A Justiça de Duas Velocidades
Lula foi condenado em 2017 e preso em abril de 2018, permanecendo 580 dias encarcerado em Curitiba. A condenação, imposta pelo então juiz Sergio Moro, foi posteriormente anulada pelo Supremo Tribunal Federal, que reconheceu que a 13ª Vara Federal de Curitiba não era o "juiz natural" dos casos. Mais grave ainda: o STF também decidiu que Moro agiu com parcialidade ao condenar Lula, configurando negação ao julgamento justo. As conversas vazadas pelo The Intercept Brasil em 2019 revelaram que o próprio Moro e procuradores da Lava Jato combinavam estratégias processuais por aplicativo de mensagens — ou seja, a condenação foi construída, não conquistada.
Enquanto isso, Flávio Bolsonaro, senador e filho do ex-presidente, enfrentou investigações sobre um esquema de "rachadinha" — desvio de parte dos salários de assessores — quando era deputado estadual no Rio de Janeiro. As investigações se arrastaram, e o caso segue em tramitação com recursos e manobras protelatórias. Não houve prisão, não houve execração pública midiática, não houve campanha para destruir sua imagem. A diferença de tratamento é escancarada.
A Fome Como Escolha Política
Lula fez da luta contra a fome o centro de seus governos. Em 2003, lançou o programa Fome Zero, que combinava transferência de renda (Bolsa Família) com incentivo à agricultura familiar, educação e saneamento. O resultado foi histórico: em 2014, o Brasil saiu do Mapa da Fome da ONU, com a insegurança alimentar grave caindo para menos de 5% da população. O programa não era apenas assistencialista — era estruturante, porque exigia frequência escolar e acompanhamento de saúde das crianças beneficiadas.
O que aconteceu depois? A partir de 2016, com o impeachment de Dilma Rousseff e depois com o governo de Jair Bolsonaro, os gastos sociais foram cortados, programas desmontados e a economia priorizada em detrimento das pessoas. Em 2021, o Brasil voltou ao Mapa da Fome. Mais de 33 milhões de brasileiros passaram a conviver com a fome diária.
Jair Bolsonaro ainda tentou capitalizar politicamente o Auxílio Emergencial durante a pandemia, mas o programa foi marcado por hesitações: o governo propôs inicialmente apenas 200 reais mensais, o Congresso forçou o aumento para 600, e Bolsonaro demorou um mês para sancionar, além de vetar o benefício para grupos de trabalhadores que deveriam recebê-lo. Não foi política pública — foi cálculo eleitoral.
Números Que Doem
Os dados acadêmicos mostram que, durante os governos do PT (2003-2016), a renda de todas as classes cresceu, mas a dos pobres cresceu proporcionalmente mais. A participação de negros e pobres nas universidades saltou: entre 2003 e 2018, a proporção de estudantes brancos caiu de 59% para 43%, enquanto a de negros subiu de 34% para 51%. Isso significa que políticas de cotas e expansão do ensino superior funcionaram — e incomodaram profundamente a classe média tradicional, que via seu espaço social "invadido" por emergentes.

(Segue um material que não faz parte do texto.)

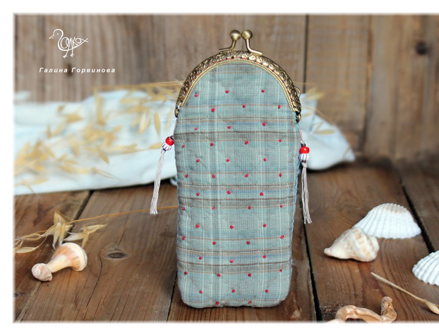 Аппликация, вышивка, стежка и сборка очечника выполнены вручную, дизайн авторский. Очечник продублирован двойным флизелином, хорошо держит форму. Фермуар цвета античной бронзы, 8.5 см. Подкладка из американского хлопка для пэчворка.

Após 2016, com o giro à direita, a renda de todas as classes caiu — exceto a do 1% mais rico. Os mais pobres foram os que mais perderam.
O Que Está em Jogo
Não se trata de defender Lula ou atacar Bolsonaro por questões partidárias. Trata-se de reconhecer que existe um projeto político que aposta na inclusão, na distribuição de renda e na dignidade dos mais pobres — e outro que aposta na concentração, na exclusão e no desprezo pelos vulneráveis. Trata-se de reconhecer que a mesma elite que aplaudiu a prisão de Lula sem provas sólidas agora silencia diante das evidências que cercam a família Bolsonaro.
Trata-se, acima de tudo, de reconhecer que a fome voltou ao Brasil, que milhões de crianças dormem sem jantar, e que isso não é acidente — é resultado de escolhas políticas deliberadas. E quem escolheu cortar programas sociais, quem escolheu priorizar o agronegócio exportador em detrimento da agricultura familiar, quem escolheu ignorar a pandemia enquanto ela matava, não pode fingir surpresa com os números da miséria que ajudou a criar.